COLLECTED MATERIAL –

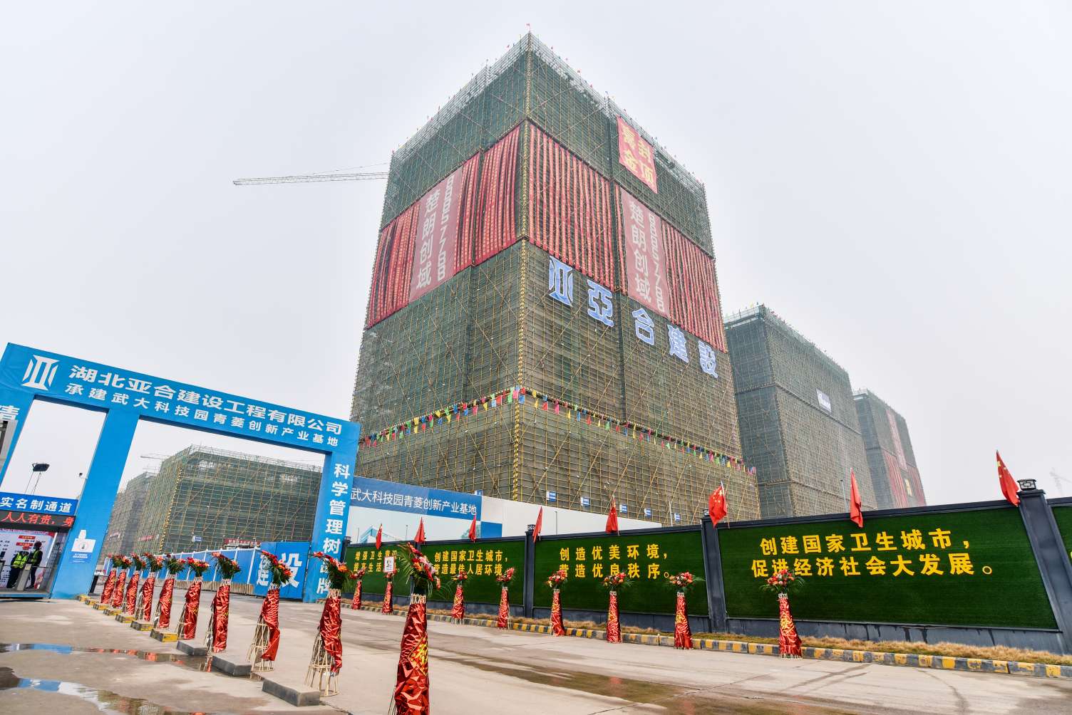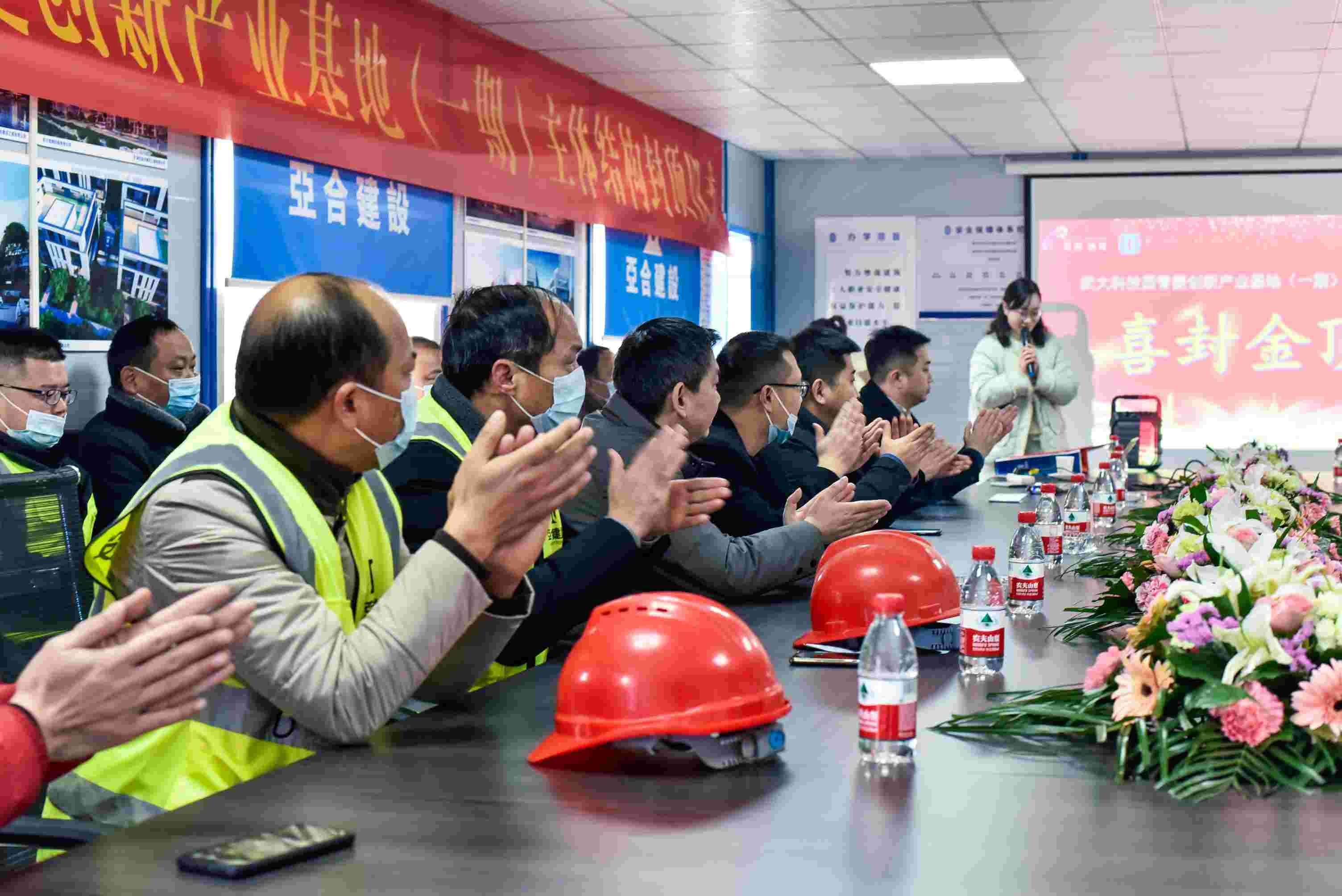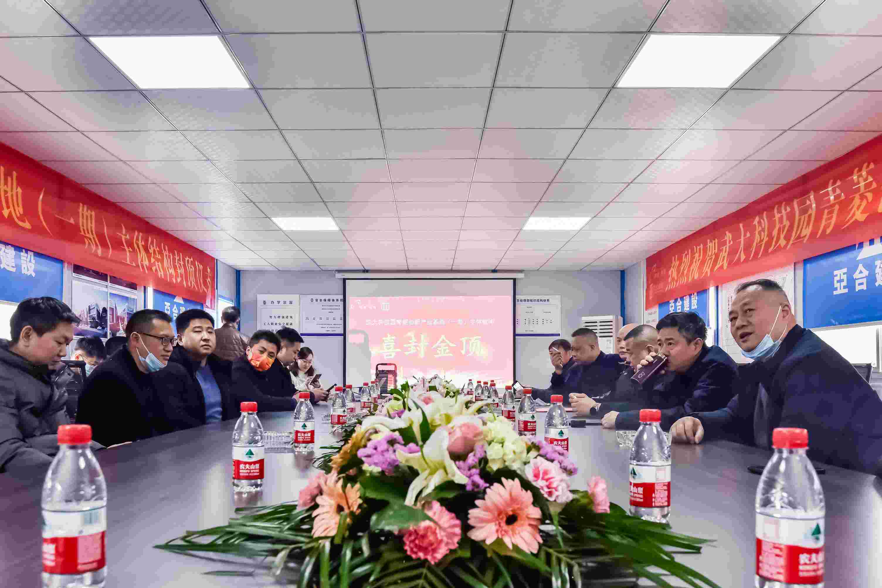 2022年1月20日上午,武大科技園青菱創(chuàng)新產(chǎn)業(yè)基地項(xiàng)目迎來(lái)了極具特殊意義的時(shí)刻,隆重慶祝項(xiàng)目(一期) 主體結(jié)構(gòu)喜封金頂!這標(biāo)志著青菱產(chǎn)業(yè)園建設(shè)工程取得了重要的階段性勝利,為保證后續(xù)施工的順利實(shí)現(xiàn)奠定了堅(jiān)實(shí)的基礎(chǔ)。施工總承包單位亞合建設(shè)董事長(zhǎng)李衛(wèi)亞、總經(jīng)理羅奇志攜公司部門及項(xiàng)目管理人員與建設(shè)單位楚朗控股、監(jiān)理單位博成建設(shè)、參建單位等相關(guān)負(fù)責(zé)人齊聚現(xiàn)場(chǎng)共同見(jiàn)證這一榮耀時(shí)刻。
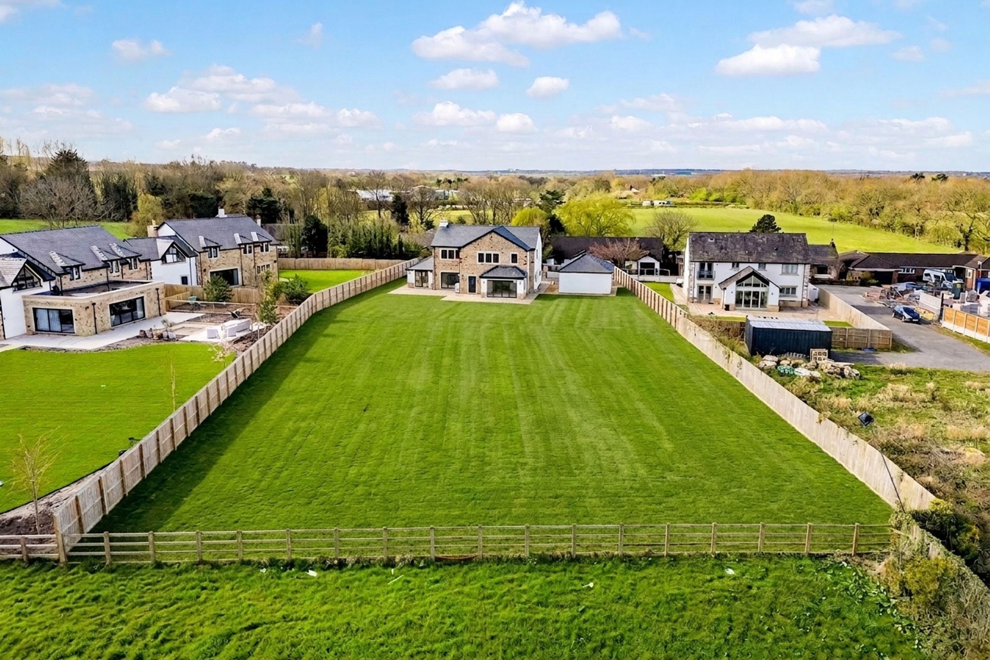To the rear, the house opens onto an extensive stone terrace that runs the full width of the property, creating a series of generous outdoor seating and dining zones that flow directly from the kitchen, lounge and garden room. Beyond, an impressive, level expanse of lawn stretches away towards open countryside, enclosed by fencing for privacy yet open enough to capture long, green belt views and evening sunsets, and here the purchaser will also benefit from a fully designed garden scheme by a leading garden design specialist, with complete drawings included in the sale so that the outside space can be realised to its full potential in their own time.
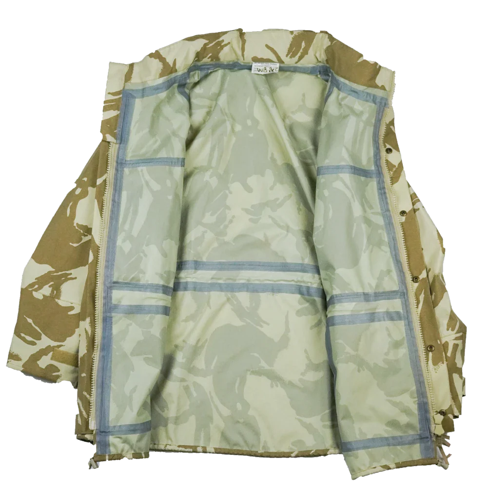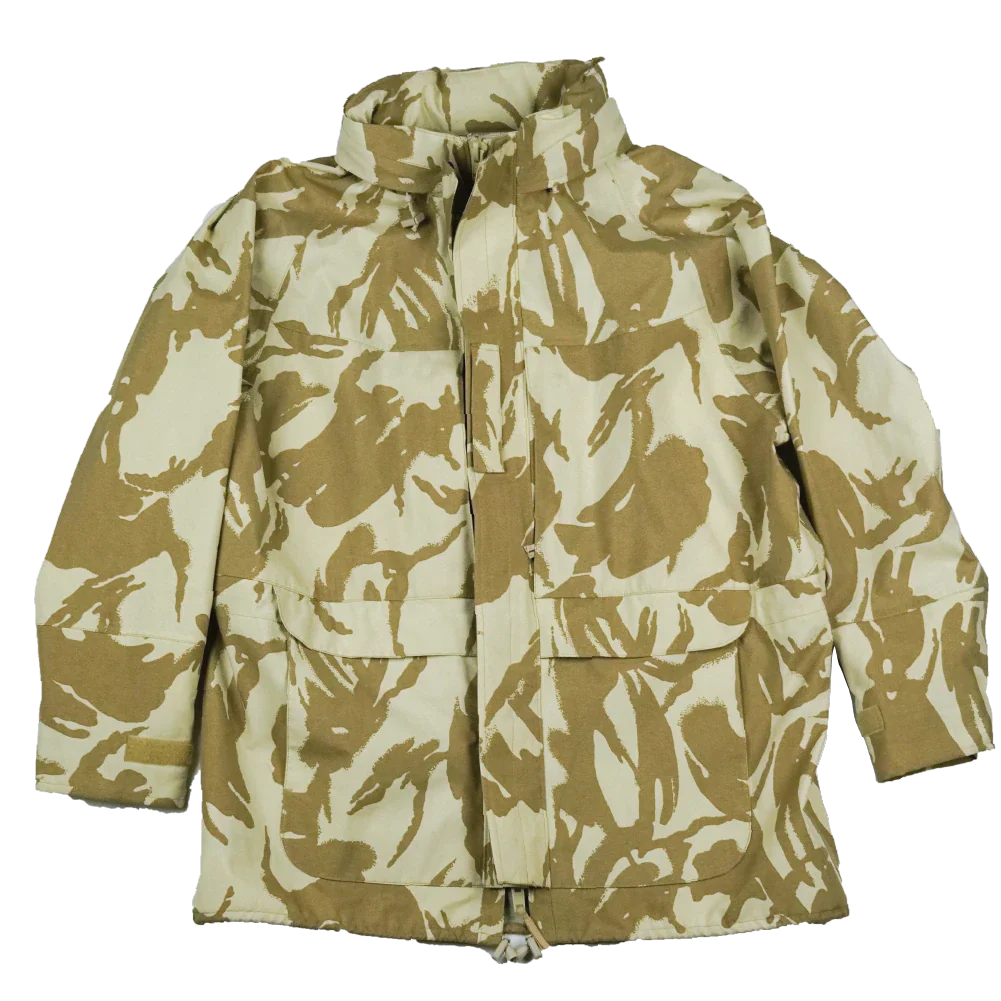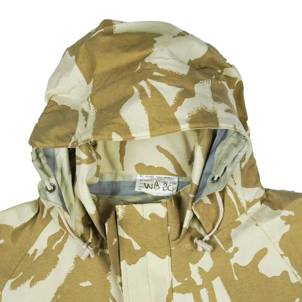 Surplus New Zealand Army waterproof jacket in desert DPM camouflage. This is a full-length outer shell style jacket with a robust, weatherproof construction.
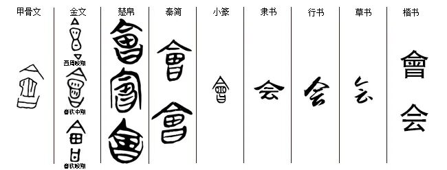 “会”huì,会意字,“會”的简体字,从合从(反)合,中间一点、两点或三点皆为饰笔,最早见于商代甲骨文。合,王权号令,引申为聚集、全部。两形会意,表义两方霸主思想、军事等方面的碰撞。引申为合在一起、沟通、时机、见面、开会、对峙等。

EXERCISE DESCRIPTION – Transcribe the data verbatim. No picture belongs in the result.

WRITTEN ANSWER –
 2022年1月20日上午,武大科技園青菱創(chuàng)新產(chǎn)業(yè)基地項(xiàng)目迎來(lái)了極具特殊意義的時(shí)刻,隆重慶祝項(xiàng)目(一期) 主體結(jié)構(gòu)喜封金頂!這標(biāo)志著青菱產(chǎn)業(yè)園建設(shè)工程取得了重要的階段性勝利,為保證后續(xù)施工的順利實(shí)現(xiàn)奠定了堅(jiān)實(shí)的基礎(chǔ)。施工總承包單位亞合建設(shè)董事長(zhǎng)李衛(wèi)亞、總經(jīng)理羅奇志攜公司部門及項(xiàng)目管理人員與建設(shè)單位楚朗控股、監(jiān)理單位博成建設(shè)、參建單位等相關(guān)負(fù)責(zé)人齊聚現(xiàn)場(chǎng)共同見(jiàn)證這一榮耀時(shí)刻。
To the rear, the house opens onto an extensive stone terrace that runs the full width of the property, creating a series of generous outdoor seating and dining zones that flow directly from the kitchen, lounge and garden room. Beyond, an impressive, level expanse of lawn stretches away towards open countryside, enclosed by fencing for privacy yet open enough to capture long, green belt views and evening sunsets, and here the purchaser will also benefit from a fully designed garden scheme by a leading garden design specialist, with complete drawings included in the sale so that the outside space can be realised to its full potential in their own time.
 Surplus New Zealand Army waterproof jacket in desert DPM camouflage. This is a full-length outer shell style jacket with a robust, weatherproof construction.
 “会”huì,会意字,“會”的简体字,从合从(反)合,中间一点、两点或三点皆为饰笔,最早见于商代甲骨文。合,王权号令,引申为聚集、全部。两形会意,表义两方霸主思想、军事等方面的碰撞。引申为合在一起、沟通、时机、见面、开会、对峙等。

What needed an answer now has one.